• [Exercise description]:
In the listing below, find the line containing "BROWN FLOCK CHECK SUITING MINI SKIRT" and the line containing "أطلقت الجمارك الاردنية", then copy exactly everything from the first through the second, except the pictures.

• [Entries shown]:

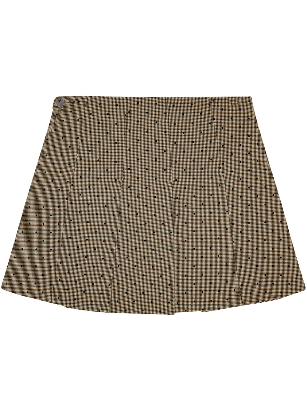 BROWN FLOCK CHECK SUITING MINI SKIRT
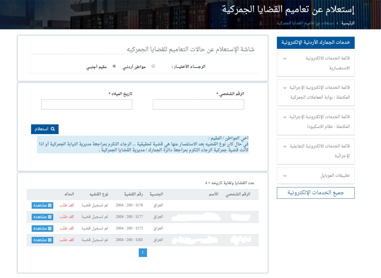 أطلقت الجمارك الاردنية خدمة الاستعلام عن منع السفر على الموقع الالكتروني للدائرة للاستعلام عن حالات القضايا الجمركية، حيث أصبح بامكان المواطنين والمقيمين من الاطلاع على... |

==

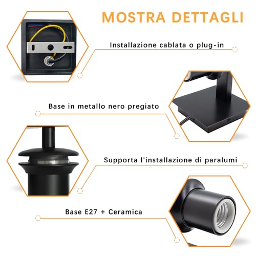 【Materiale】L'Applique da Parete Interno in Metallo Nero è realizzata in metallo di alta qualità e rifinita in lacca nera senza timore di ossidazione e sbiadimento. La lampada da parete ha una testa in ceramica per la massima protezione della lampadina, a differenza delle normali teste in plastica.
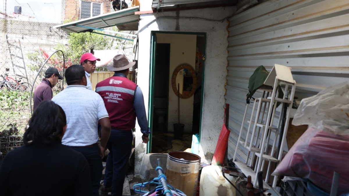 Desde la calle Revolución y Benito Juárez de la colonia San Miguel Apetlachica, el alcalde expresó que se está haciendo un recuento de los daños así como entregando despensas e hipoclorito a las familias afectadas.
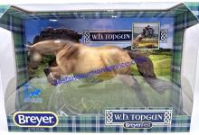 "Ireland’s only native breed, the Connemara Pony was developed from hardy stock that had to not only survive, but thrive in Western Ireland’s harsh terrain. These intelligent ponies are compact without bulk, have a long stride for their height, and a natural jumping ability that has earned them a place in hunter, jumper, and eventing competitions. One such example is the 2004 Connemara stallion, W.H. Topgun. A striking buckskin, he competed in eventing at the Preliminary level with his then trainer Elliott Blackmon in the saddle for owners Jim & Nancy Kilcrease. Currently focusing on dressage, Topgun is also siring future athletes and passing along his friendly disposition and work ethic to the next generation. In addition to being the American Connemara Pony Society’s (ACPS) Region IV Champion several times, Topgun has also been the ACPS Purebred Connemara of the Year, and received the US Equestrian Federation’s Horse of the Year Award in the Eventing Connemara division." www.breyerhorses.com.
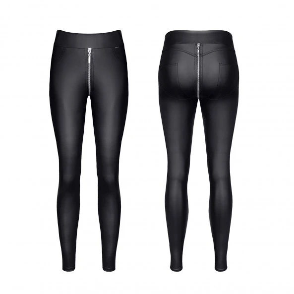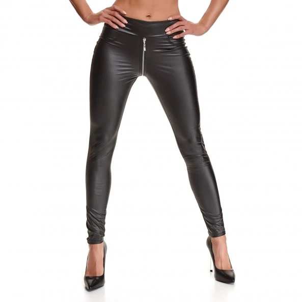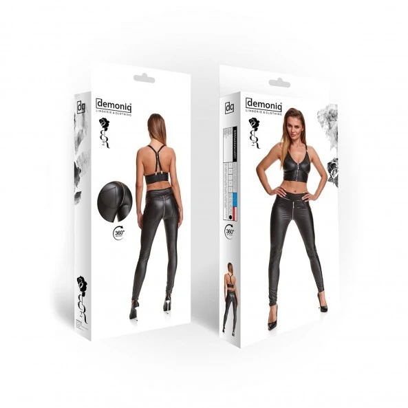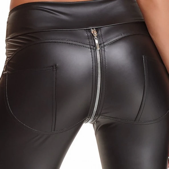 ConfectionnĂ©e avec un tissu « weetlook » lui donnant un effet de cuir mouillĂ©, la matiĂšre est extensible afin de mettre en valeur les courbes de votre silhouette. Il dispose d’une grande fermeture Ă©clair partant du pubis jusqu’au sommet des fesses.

* * *

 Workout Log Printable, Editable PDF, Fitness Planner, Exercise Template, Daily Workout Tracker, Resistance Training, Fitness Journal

• [Response for this exercise]:
 BROWN FLOCK CHECK SUITING MINI SKIRT
 أطلقت الجمارك الاردنية خدمة الاستعلام عن منع السفر على الموقع الالكتروني للدائرة للاستعلام عن حالات القضايا الجمركية، حيث أصبح بامكان المواطنين والمقيمين من الاطلاع على... |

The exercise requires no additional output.